With work scarce in Oshawa due to a temporary plant shutdown, John settled first in Hamilton, Ontario, joining the pipe band of the Argyll & Sutherland Highlanders under Pipe Major J. K. Carins. Cairns retired the next year, and Wilson was named Pipe Major. After an eventful trip to Scotland in 1951, John decided pipe majoring was not for him and he left the band and moved with Margaret to Toronto.

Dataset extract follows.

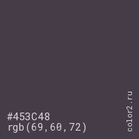 Цвет #453C48 в цветовой модели RGB обозначается тремя октетами (69, 60, 72) в десятичном формате и #453C48 в шестнадцатиричном (hex) формате, которые являются интенсивностью красного 69 (hex 45), интенсивность зелёного 60 (hex 3C) и интенсивность синего 72 (hex 48).
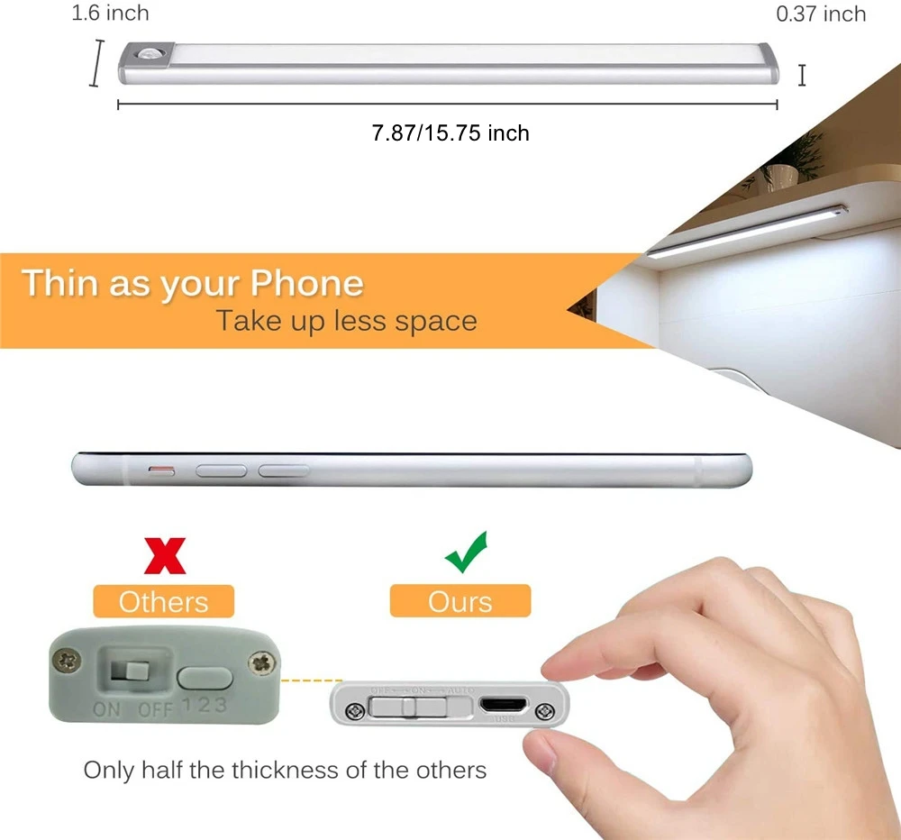 Особенность:1. Ультратонкий корпус, всего 0,8 см,2. Встроенная литиевая батарея с длительным сроком службы.3. Зарядка через USB устраняет проблемы с использованием сухих батарей, более экологически чистая4. Управление датчиком движения, более удобное в использовании5. Магнит для установки, более удобный в установке6. Три режима работы:A) выключитьБ) всегда включенС) АвтоОписание:Тип товара: светильник портативная, с датчиком движения барМатериал: алюминийДлина: 20 см/40 смПитание: перезаряжаемый через USB (встроенный аккумулятор)Цвет светильник: белый/теплый белый/натуральный белыйЦвет: серебристый

He had been competing at the Games since he arrived, and shortly after arriving in Toronto he began offering Saturday piping classes at Fort York Armoury. These lessons, along with private teaching in his home, would dramatically change the face of piping in Ontario over the next 25 years. Reay MacKay, Billy Gilmour, Bill Livingstone, Bob Worrall, Gail Brown, Michael Grey and many others – all owed much of their piping success to the rigorous teaching of John Wilson in Toronto. His exacting standards as a teacher and judge raised the level of technique and instruments in Ontario to unparalleled heights. It was without doubt due to the influence of John Wilson that Ontario pipers earned reputations in Scotland in the 1970s and 1980s for impeccable technique, flawless performances and strong, steady pipes.
 
During these years his health was an ongoing issue. He suffered a heart attack in 1955 and in 1963 cancer was discovered in his left lung and the lung was removed. Despite these difficulties he judged and taught relentlessly, and even returned to the Boards at the Brockville games in 1972 at the age of 66, earning seconds in the Strathspey and Reel and the Jig against the leading Ontario players of the time.
 
John Wilson cut a larger-than-life figure through all his days. His quick wit and unrelenting determination to say and stand up for what he thought did not endear him to all, but certainly earned him respect and a reputation for integrity given to few others.  He died from lung cancer in Toronto on November 6, 1979. He left his body to science and there was no memorial service.